Roger L. Simon  The Party of the Rich


The Dems have transmogrified into the Party of the Ruling Elite for Big Government and their Cronies.  They use The Poor as voting filler, and throw them crumbs extracted by the ever more burdened middle classes.


----------



## Gremlin-USA

Truthmatters said:


> The right is going to shit their pants when the economy starts to move robustly



What is Robustly?

When un-employment gets down to 7%, when 50% of the foreclosed homes have people once again living in them, when New Homes starts are up 50%, when the Dow is over 12,000 (it's peak was 14,066 in oct 2007), when the truth really matters. --- Then, that will be a Robust Improvement!!!!!!!!!


.


----------



## saveliberty

Truthmatters said:


> The right is going to shit their pants when the economy starts to move robustly



Transferring more from the middle class and rich to the poor is NOT robustly moving the economy.


----------



## Toro

Lots of things are breaking out - China, copper, the VIX appears to be going lower.  

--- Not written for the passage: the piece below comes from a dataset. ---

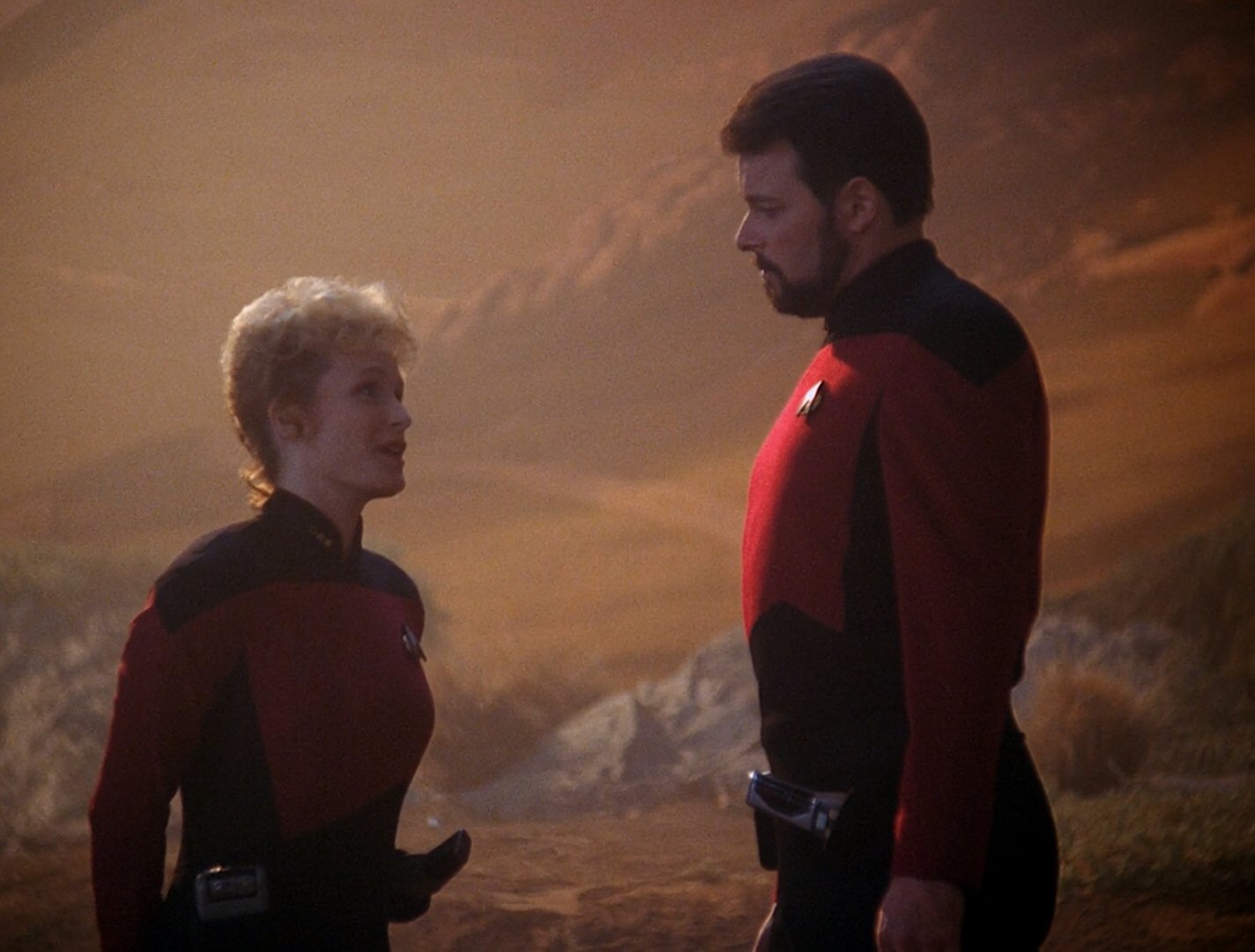 This is in no way a bad thing, though, as the contradiction right at the heart of the Enterprise’s supposedly ambitious first officer needed to be addressed, and bringing in a driven young woman like Commander Shelby to force the issue was a real stroke of genius on writer Michael Piller’s part. With hindsight, it’s a pity they couldn’t have let the Riker / Shelby rivalry play out over a longer period, but “The Best of Both Worlds” was already pushing the envelope in terms of what a weekly syndicated show could get away with. Not putting all the toys back in the box at the end of “Sins of the Father” was contentious enough; Locutus of Borg and a summer of suspense had to be the show’s line in the sand.

Usually, Mondays are strong.  Usually, the first of the month is strong.  Usually, August is strong.  So its hard to ascertain what is going on.

You could see it last week when the bears tried to knock the markets down in the morning, only for stocks to rise into the close.  That's often a bullish sign.  

We are either at the top of a trading range or about to break out after consolidating for the past 5 months.  I think we're about to break out, but I could be wrong.


----------



## Chris

There is $850 billion dollars of corporate cash sitting on the sidelines waiting for an investment.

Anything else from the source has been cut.